I think this metaphor is mesmerizing, fantastic, hugely valuable.
I think Dave should be a speaker at the next summit.

There is a ton more, but for me, those were the highlights. I loved every second of the summit and all the speakers, the smaller events like the art show and podcast panel, the networking event, all the lunches and snacks and conversations. My brain is still full and I am tired, so I'll stop here. Maybe more will surface and I'll say more but for now, this feels like a good place to stop. :)

Postscript Feb 29/16:
1. Ravensara loaded her slides up onto Facebook! Here is the slide I was talking about earlier. 

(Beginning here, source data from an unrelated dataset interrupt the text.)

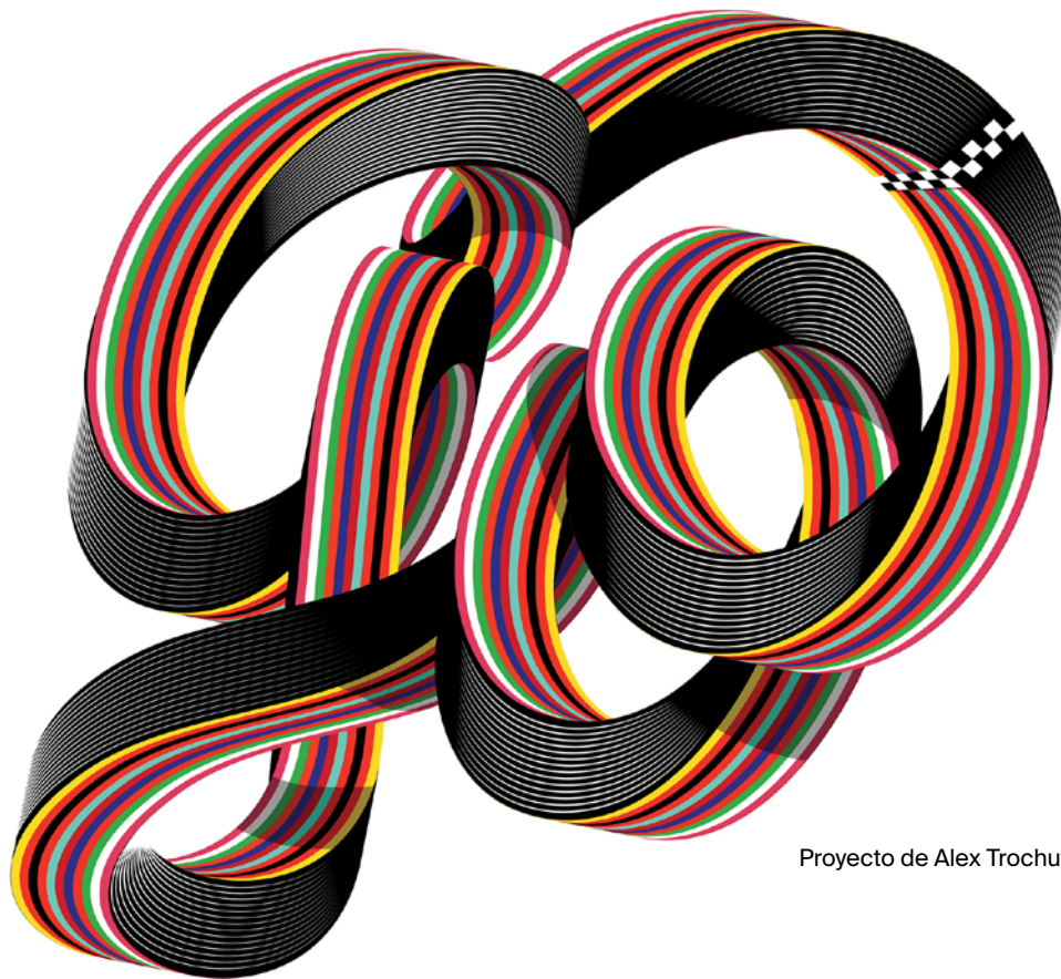
Proyecto de Alex Trochut

(Transporte y alojamiento incluido en ambos viajes).
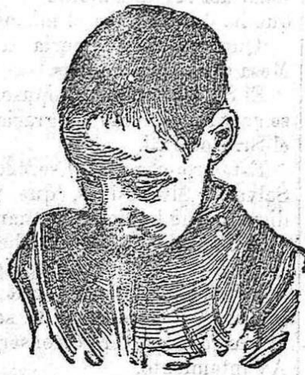
Después de usar el Capilho
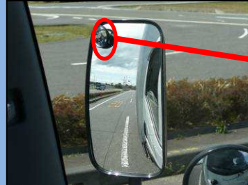
サイドミラーでは自動二輪車を確認できない。
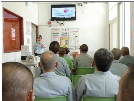
精彩衛教 vcd 宣導
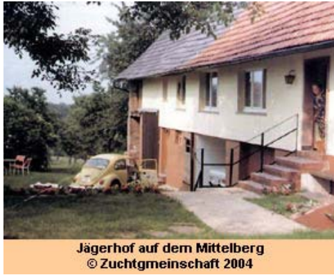
Jägerhof auf dem Mittelberg
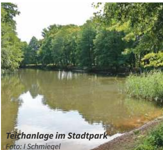
Teichanlage im Stadtpark
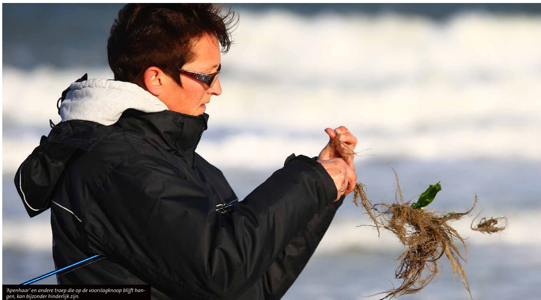
'Apenhaar' en andere troep die op de voorslagknoop blijft hangen, kan bijzonder hinderlijk zijn.
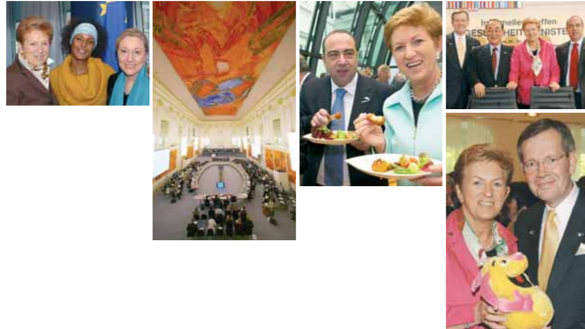
Bundesministerin Maria Rauch-Kallat

This applies to so many situations. If we keep these three things clear when we discuss, it makes life so much easier. 

2. Todd Hargrove had us rolling around on the floor on and off for about 4 hours, as he explained Feldenkrais methods of being in a body better. I remembered something from a long time ago that I actually had considered using as a book title: To feel better in your body, learn to feel your body better. But I discarded the idea as it was way too long. However, I kept a version of it for exercise suggestions I uploaded for people to do at home.